Skaggs Offers Alternative to Total Knee Replacement
By
Natalie Swallow
Story Created:
Feb 20, 2008
Story Updated:
Feb 20, 2008
With people living longer than they used to, many people's joints aren't withstanding that longer lifespan, causing them to need hip and knee replacements.
With the long recovery time associated with joint replacements, some avoid surgery altogether, but there’s a new alternative to total knee replacement that requires less recovery time.
In southwest Missouri, only two doctors at Skaggs Community Health Center in Branson even do the surgery.

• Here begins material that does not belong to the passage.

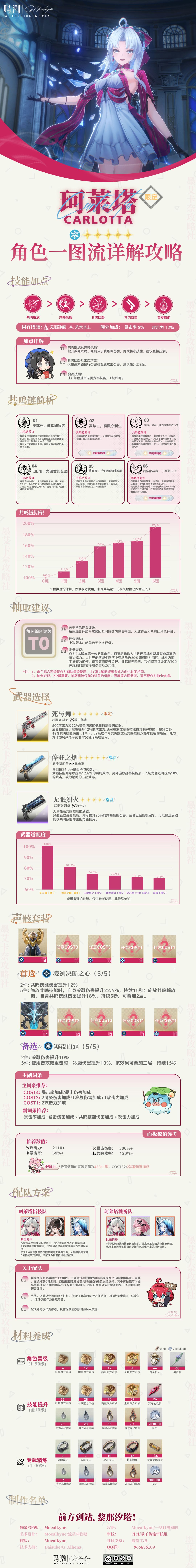 从2.0版本开始,我们将采用全新的模板制作角色一图流攻略!攻略组的同学们将会按照卡池顺序,逐步更新先前全部角色攻略,常驻五星和漂泊者的相关攻略将会不定时更新。全新的黎那汐塔模板修正了先前模板的部分重大Bug,

The benefit for patients is a shorter recovery time and more of the original, undamaged part of the knee can remain, giving patients a more normal feeling of their knee.
For those who want to continue living more active lifestyles after knee surgery, this is a good option.
For Bob Glenn, 83 years of physical activity has finally taken its toll.
"I just wore out my knee, playing tennis, doing a lot of activity and age, it wore out," Glenn said.
Still, he rode his bike six to eight miles a day, up to the day before surgery. It's walking that's the problem for Glenn.
"It doesn't hurt whatsoever on bicycle because there's no jar when riding bicycle. It's when you walk that you get the jar that hurts the knee," Glenn said.
For a guy who likes to walk through the Grand Canyon sight seeing with his wife, that soreness is a problem.
But, with arthritis in only two, rather than three parts, of his knee, a total knee replacement wasn't his only, or best, option.
Doctors instead did a bi-compartmental knee replacement using an implant called the Journey Deuce.
"It feels more like your normal knee, they recover quicker, less blood loss, and feels like normal knee. People do better with this. They get back to activity level quicker and feel like they can do more normal activities, than they would have with total knee," Dr. Lawrence Page of Skaggs Orthopedic Associates said.
So with less surgery and less recovery time, Bob Glenn can get back to his active lifestyle sooner.
"I hope to get back on bicycle like Dr. Page said. Get on bicycle, just as soon as I could get on it, I'm going to,” Glenn said. "I see no need of slowing down if the new knee works, we're going to do it."
Page expects his patient to be riding his bike in about two weeks, but probably not the six miles a day like he's used to right away.
Now, the Journey Deuce is not a right fit for everyone. Only those patients who have arthritis in only two of the three parts of the knee can get this procedure instead of a total knee replacement.